Step 1: Add `calculate_risk_metrics()` as a standalone helper

Copy the full calculate_risk_metrics() function from docs/research/issue-84/reference-implementation.py into backtest.py. Place it directly above calculate_metrics().

Import nothing new — numpy and math are already imported.

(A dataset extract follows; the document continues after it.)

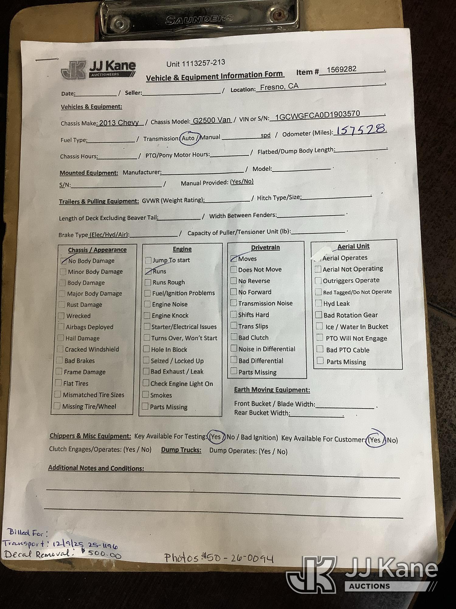 2013 Chevrolet Express 2500 Cargo Van, 8-cyl gas, 6-Speed Automatic, A/C, (157,528 miles (unverified)) (Runs & Moves) This is a Titled Item*

Step 2: Wire it into `calculate_metrics()`

Inside calculate_metrics(), the existing code already computes:

daily_returns (list of floats) — lines 829–833
annualized_return (float, decimal form before the * 100) — line 816
max_drawdown (float, decimal form before the * 100) — line 819–824
equity_values (list of floats) — line 809

Add this block before the final return statement (after line 853, before line 855):

    # issue-84: extended risk metrics
    risk_metrics = calculate_risk_metrics(
        daily_returns=daily_returns,
        annualized_return=annualized_return,   # decimal, pre-percentage
        max_drawdown=max_drawdown,             # decimal, pre-percentage
        equity_values=equity_values,
        benchmark_returns=None,
    )

Then merge into the return dict:

    return {
        "total_return": round(total_return * 100, 2),
        "annualized_return": round(annualized_return * 100, 2),
        "max_drawdown": round(max_drawdown * 100, 2),
        "sharpe_ratio": round(sharpe_ratio, 2),
        ...existing fields...,
        # issue-84 additions:
        **risk_metrics,
    }

Critical: annualized_return and max_drawdown are in decimal form inside calculate_metrics() before being multiplied by 100 at return time. Pass the decimal values to calculate_risk_metrics(). The helper uses them in decimal form internally.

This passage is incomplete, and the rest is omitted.